1) So if this is the case, then it confirms my conceptual assumption explained above. What you need to do then is, add an additional parameter to your graph_to_dsmj function. Let's call it is_directed_graph, and it will accept, as the name suggests, either TRUE or FALSE.

This should be a required parameter, do not include defaults.

If is_directed_graph is TRUE, then the behavior of the function is as-is: Simply map the edgelist to the json format as you would do, and nodes to variables.

However, if is_directed_graph is FALSE, then you now have to do what DV8 is doing. Basically, for every row in the edgelist table, you will add an extra reverse arrow for it, in essence duplicating.

What your function is doing conceptually, again, is representing an undirected graph, as a bi-directional graph, since DV8 probably adopted in memory a directed graph model as it is more generic.

2) Now, your transform function has to know somehow whether a graph is directed or undirected, to decide what to pass to your graph_dsmj. That I need to fix the R/graph.r/model_directed_graph() function. Basically, the returned list will have not only a node and edgelist tables returned, but also a third boolean variable called is_directed. So that's where your transform functions will pull it from when passing to graph_to_dsmj. (And it seems I also need to add a node table optional parameter too, although this doesn't affect you right now as a gitlog table is basically a edgelist only table).

Does that make sense?

3.1) Also, could you please check our understanding here with Yi again by sending him an e-mail and Cc'in Rick, me and Yuanfang? I.e. more specifically that dv8_gitnumstat_to_hdsmb() scm:history:gittxt:convert-matrix duplicate edges behind the scenes for being a undirected graph represented as a directed graph, and that you observed that after using the command to turn it into a json (I can't remember the command name right now, but please mention it explicitly to him just in case) ; but the dv8_depends_to_sdsmj core:convert_matrix however does not create duplicates since it is a directed graph.
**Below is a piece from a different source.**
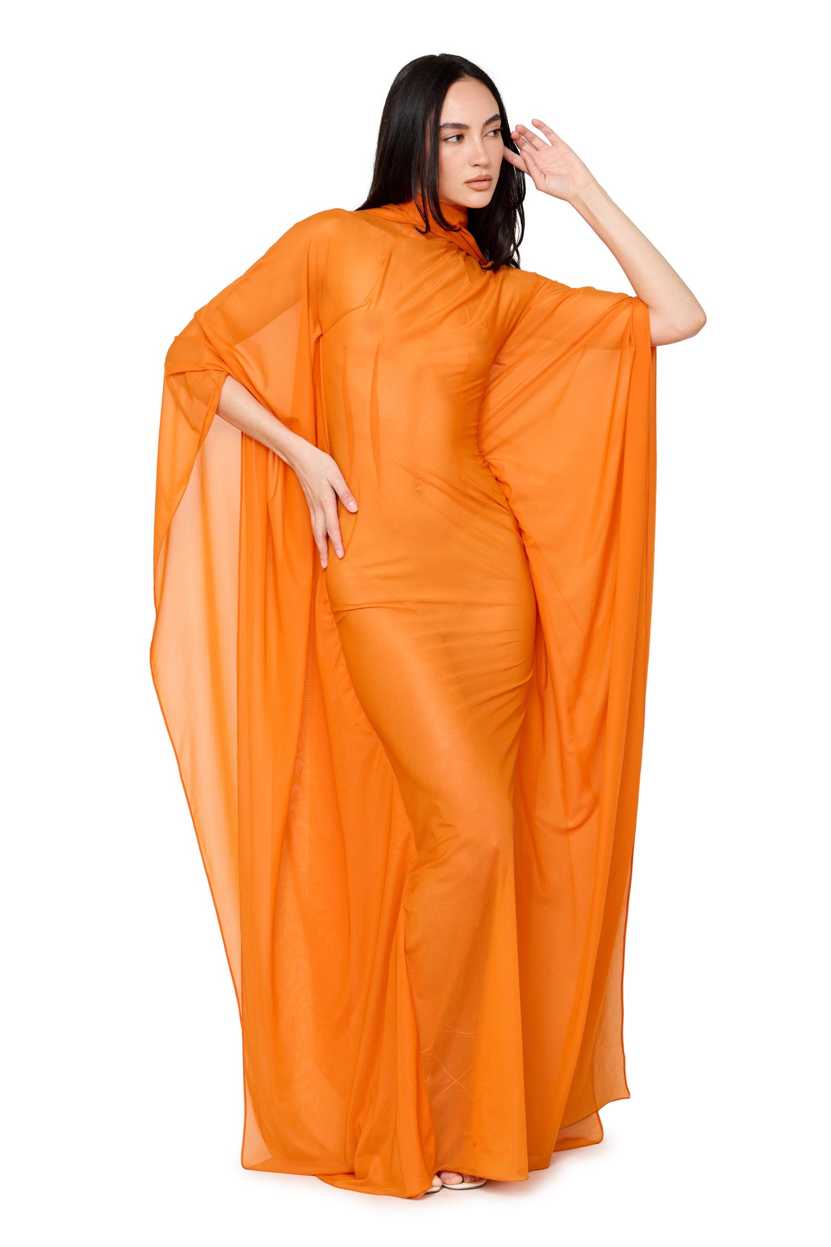 Draped mock-neck gown with dramatic billowing sleeves. The gown features double front and back darts for added contour and a long back tie neck. Self: 100% polyester. Dry clean only. Manufactured in New York, USA.

3.2) Lastly, also ask if the clustering algorithm cares about this, i.e. if the clustering algorithm cares about the graph being directed or not. This will be important to consider for other graphs we will provide as input. Might as well check now.

This is why I was hopeful for a specification of the conversions. Had you not identified the duplicates, this would probably be an impossible-to-identify problem without a lot of scrutiny. I appreciate your attention to detail! 💯

carlosparadis commented 1 year ago

p.s.: Please make sure to add some of these findings to the function documentation too. I'd add to both the transform functions, but especially to the graph function that DV8 represents undirected graphs as directed graphs by duplicating the edges in reverse direction.

In general, assume any information discussed in this sea of discussion will be lost to time. Anything essential has to live through the function docs and/or notebooks.

leilani-reich commented 1 year ago

I'd add to both the transform functions, but especially to the graph function that DV8 represents undirected graphs as directed graphs by duplicating the edges in reverse direction.

What do you mean by DV8 representing undirected graphs as directed graphs? Isn't it just undirected since the edges are duplicated in the reverse direction?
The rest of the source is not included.